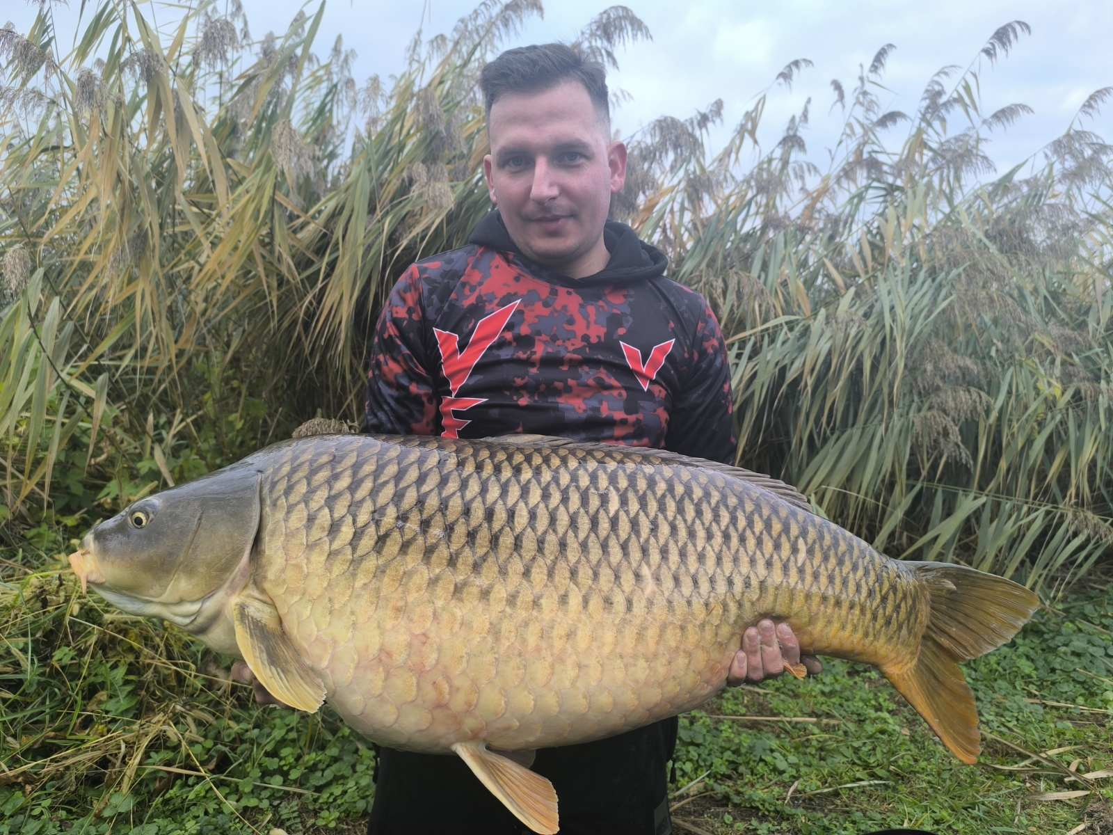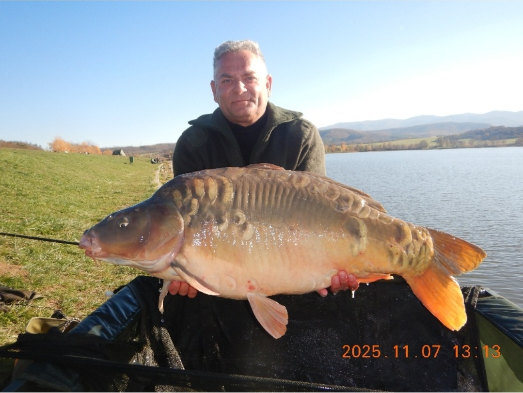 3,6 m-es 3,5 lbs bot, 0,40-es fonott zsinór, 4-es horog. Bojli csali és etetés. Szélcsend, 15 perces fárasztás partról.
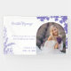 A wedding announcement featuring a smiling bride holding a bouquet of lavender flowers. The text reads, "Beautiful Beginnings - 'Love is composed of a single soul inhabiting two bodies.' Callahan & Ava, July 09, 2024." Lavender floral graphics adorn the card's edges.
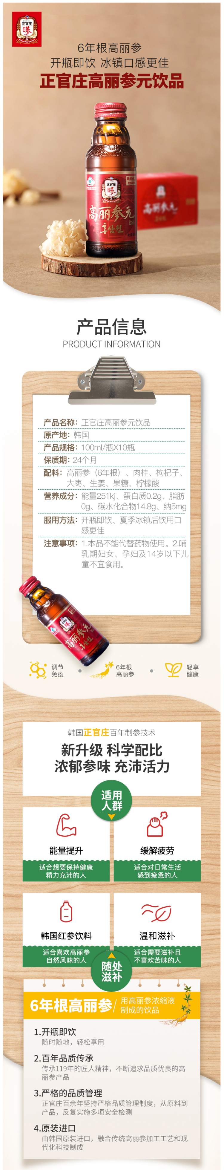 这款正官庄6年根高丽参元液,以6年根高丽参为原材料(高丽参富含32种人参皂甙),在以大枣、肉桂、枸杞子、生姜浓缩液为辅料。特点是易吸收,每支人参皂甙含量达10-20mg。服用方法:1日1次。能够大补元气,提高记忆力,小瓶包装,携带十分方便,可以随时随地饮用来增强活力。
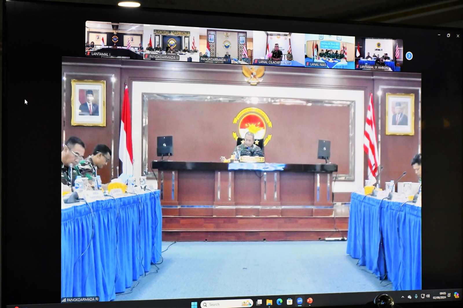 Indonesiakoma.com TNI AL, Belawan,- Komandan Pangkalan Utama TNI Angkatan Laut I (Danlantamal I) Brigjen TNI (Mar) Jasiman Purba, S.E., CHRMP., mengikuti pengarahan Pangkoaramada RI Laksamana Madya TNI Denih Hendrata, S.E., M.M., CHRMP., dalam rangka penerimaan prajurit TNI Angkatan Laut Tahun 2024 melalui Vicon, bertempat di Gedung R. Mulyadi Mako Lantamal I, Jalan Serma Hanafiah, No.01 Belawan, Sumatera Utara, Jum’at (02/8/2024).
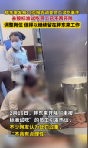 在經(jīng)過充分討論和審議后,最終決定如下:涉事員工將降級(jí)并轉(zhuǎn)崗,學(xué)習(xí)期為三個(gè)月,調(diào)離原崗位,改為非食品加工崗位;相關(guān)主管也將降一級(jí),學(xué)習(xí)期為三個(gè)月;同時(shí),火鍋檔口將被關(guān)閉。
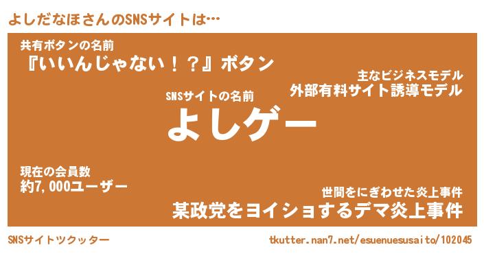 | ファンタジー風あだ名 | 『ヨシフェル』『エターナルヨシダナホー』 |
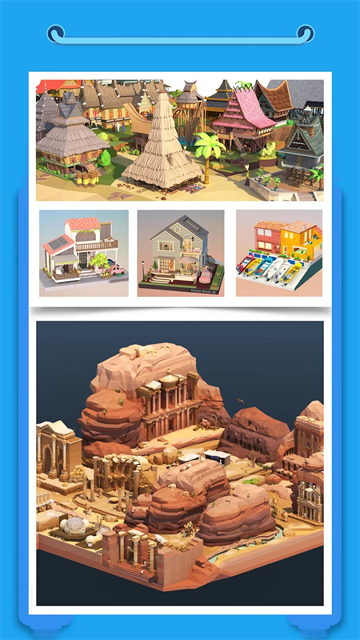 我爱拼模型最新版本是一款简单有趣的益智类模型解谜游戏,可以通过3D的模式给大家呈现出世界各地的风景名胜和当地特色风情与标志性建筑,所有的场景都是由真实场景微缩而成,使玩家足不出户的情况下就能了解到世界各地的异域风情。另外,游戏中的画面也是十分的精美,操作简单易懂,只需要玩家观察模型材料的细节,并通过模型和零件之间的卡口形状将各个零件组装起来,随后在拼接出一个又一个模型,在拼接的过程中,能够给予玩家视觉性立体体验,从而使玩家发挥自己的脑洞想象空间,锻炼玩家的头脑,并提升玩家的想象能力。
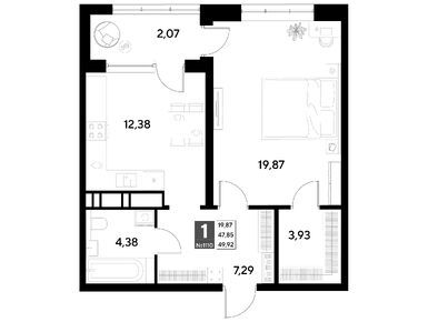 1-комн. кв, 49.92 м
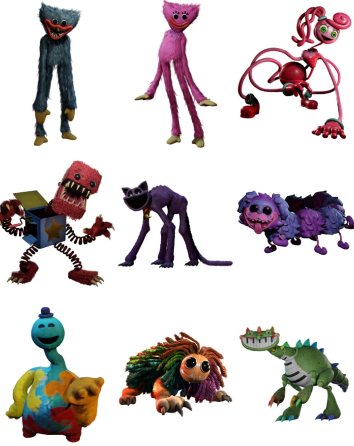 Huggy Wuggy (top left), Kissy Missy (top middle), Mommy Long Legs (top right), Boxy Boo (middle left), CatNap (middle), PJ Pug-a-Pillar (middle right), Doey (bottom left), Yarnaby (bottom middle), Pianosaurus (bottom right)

•••••

Your goal
Set down the line containing "Indonesiakoma.com TNI AL, Belawan,- Komandan", then every later line through the end of the material, exactly as written; omit any picture.

Final answer
 Indonesiakoma.com TNI AL, Belawan,- Komandan Pangkalan Utama TNI Angkatan Laut I (Danlantamal I) Brigjen TNI (Mar) Jasiman Purba, S.E., CHRMP., mengikuti pengarahan Pangkoaramada RI Laksamana Madya TNI Denih Hendrata, S.E., M.M., CHRMP., dalam rangka penerimaan prajurit TNI Angkatan Laut Tahun 2024 melalui Vicon, bertempat di Gedung R. Mulyadi Mako Lantamal I, Jalan Serma Hanafiah, No.01 Belawan, Sumatera Utara, Jum’at (02/8/2024).
 在經(jīng)過充分討論和審議后,最終決定如下:涉事員工將降級(jí)并轉(zhuǎn)崗,學(xué)習(xí)期為三個(gè)月,調(diào)離原崗位,改為非食品加工崗位;相關(guān)主管也將降一級(jí),學(xué)習(xí)期為三個(gè)月;同時(shí),火鍋檔口將被關(guān)閉。
 | ファンタジー風あだ名 | 『ヨシフェル』『エターナルヨシダナホー』 |
 我爱拼模型最新版本是一款简单有趣的益智类模型解谜游戏,可以通过3D的模式给大家呈现出世界各地的风景名胜和当地特色风情与标志性建筑,所有的场景都是由真实场景微缩而成,使玩家足不出户的情况下就能了解到世界各地的异域风情。另外,游戏中的画面也是十分的精美,操作简单易懂,只需要玩家观察模型材料的细节,并通过模型和零件之间的卡口形状将各个零件组装起来,随后在拼接出一个又一个模型,在拼接的过程中,能够给予玩家视觉性立体体验,从而使玩家发挥自己的脑洞想象空间,锻炼玩家的头脑,并提升玩家的想象能力。
 1-комн. кв, 49.92 м
 Huggy Wuggy (top left), Kissy Missy (top middle), Mommy Long Legs (top right), Boxy Boo (middle left), CatNap (middle), PJ Pug-a-Pillar (middle right), Doey (bottom left), Yarnaby (bottom middle), Pianosaurus (bottom right)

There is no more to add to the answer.